# TASK STATEMENT
In the listing below, locate the line that contains "如图,在平面直角坐标系中,函" and the line that contains "スマホストラップ ストラップホルダー付き キラキラ". Restate word for word those two lines and every line between them, and nothing else.

# ENTRIES SHOWN
_ _ _ _

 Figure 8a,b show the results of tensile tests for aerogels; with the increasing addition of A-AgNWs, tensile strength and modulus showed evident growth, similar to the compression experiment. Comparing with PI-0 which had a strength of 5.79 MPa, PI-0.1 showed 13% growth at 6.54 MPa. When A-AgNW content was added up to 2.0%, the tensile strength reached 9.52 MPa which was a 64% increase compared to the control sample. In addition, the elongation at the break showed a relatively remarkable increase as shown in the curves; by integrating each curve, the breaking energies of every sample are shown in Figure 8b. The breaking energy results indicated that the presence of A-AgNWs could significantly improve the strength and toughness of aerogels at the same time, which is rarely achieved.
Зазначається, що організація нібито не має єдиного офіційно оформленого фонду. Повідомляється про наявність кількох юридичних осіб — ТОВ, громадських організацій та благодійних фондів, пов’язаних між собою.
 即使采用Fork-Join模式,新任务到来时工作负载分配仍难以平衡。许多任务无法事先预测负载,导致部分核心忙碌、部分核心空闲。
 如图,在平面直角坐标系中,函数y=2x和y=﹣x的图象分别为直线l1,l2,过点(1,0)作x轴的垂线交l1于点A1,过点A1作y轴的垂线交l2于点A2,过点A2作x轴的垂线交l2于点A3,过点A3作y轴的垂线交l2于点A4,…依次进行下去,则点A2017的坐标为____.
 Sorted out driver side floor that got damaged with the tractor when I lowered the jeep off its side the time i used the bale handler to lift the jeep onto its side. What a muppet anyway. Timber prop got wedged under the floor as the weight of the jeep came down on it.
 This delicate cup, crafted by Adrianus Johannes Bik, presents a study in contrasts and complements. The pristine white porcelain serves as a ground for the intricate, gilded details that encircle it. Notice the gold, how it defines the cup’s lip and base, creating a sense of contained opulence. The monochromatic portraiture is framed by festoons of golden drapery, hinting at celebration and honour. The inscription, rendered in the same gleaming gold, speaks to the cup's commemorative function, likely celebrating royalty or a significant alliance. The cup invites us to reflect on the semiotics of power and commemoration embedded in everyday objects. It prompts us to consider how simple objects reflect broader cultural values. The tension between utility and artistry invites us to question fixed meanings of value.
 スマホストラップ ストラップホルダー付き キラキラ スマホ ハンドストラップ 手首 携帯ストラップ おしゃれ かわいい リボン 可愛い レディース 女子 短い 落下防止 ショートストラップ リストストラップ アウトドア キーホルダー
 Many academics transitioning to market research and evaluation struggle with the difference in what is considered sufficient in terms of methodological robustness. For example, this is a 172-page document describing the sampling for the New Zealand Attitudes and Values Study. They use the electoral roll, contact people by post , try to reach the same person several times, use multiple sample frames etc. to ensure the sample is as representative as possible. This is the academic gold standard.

_ _ _ _

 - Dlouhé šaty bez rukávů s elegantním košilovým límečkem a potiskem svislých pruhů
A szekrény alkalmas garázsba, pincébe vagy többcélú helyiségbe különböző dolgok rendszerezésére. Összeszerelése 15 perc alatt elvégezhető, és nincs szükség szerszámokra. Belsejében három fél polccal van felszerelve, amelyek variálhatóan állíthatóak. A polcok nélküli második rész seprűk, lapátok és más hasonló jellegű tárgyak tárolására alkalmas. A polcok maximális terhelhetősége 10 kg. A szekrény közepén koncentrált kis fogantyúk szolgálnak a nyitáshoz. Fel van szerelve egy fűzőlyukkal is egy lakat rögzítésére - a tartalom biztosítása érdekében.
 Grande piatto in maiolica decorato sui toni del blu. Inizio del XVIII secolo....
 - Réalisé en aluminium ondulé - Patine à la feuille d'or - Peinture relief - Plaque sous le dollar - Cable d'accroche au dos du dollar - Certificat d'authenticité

_ _ _ _

# RESPONSE BELOW
 如图,在平面直角坐标系中,函数y=2x和y=﹣x的图象分别为直线l1,l2,过点(1,0)作x轴的垂线交l1于点A1,过点A1作y轴的垂线交l2于点A2,过点A2作x轴的垂线交l2于点A3,过点A3作y轴的垂线交l2于点A4,…依次进行下去,则点A2017的坐标为____.
 Sorted out driver side floor that got damaged with the tractor when I lowered the jeep off its side the time i used the bale handler to lift the jeep onto its side. What a muppet anyway. Timber prop got wedged under the floor as the weight of the jeep came down on it.
 This delicate cup, crafted by Adrianus Johannes Bik, presents a study in contrasts and complements. The pristine white porcelain serves as a ground for the intricate, gilded details that encircle it. Notice the gold, how it defines the cup’s lip and base, creating a sense of contained opulence. The monochromatic portraiture is framed by festoons of golden drapery, hinting at celebration and honour. The inscription, rendered in the same gleaming gold, speaks to the cup's commemorative function, likely celebrating royalty or a significant alliance. The cup invites us to reflect on the semiotics of power and commemoration embedded in everyday objects. It prompts us to consider how simple objects reflect broader cultural values. The tension between utility and artistry invites us to question fixed meanings of value.
 スマホストラップ ストラップホルダー付き キラキラ スマホ ハンドストラップ 手首 携帯ストラップ おしゃれ かわいい リボン 可愛い レディース 女子 短い 落下防止 ショートストラップ リストストラップ アウトドア キーホルダー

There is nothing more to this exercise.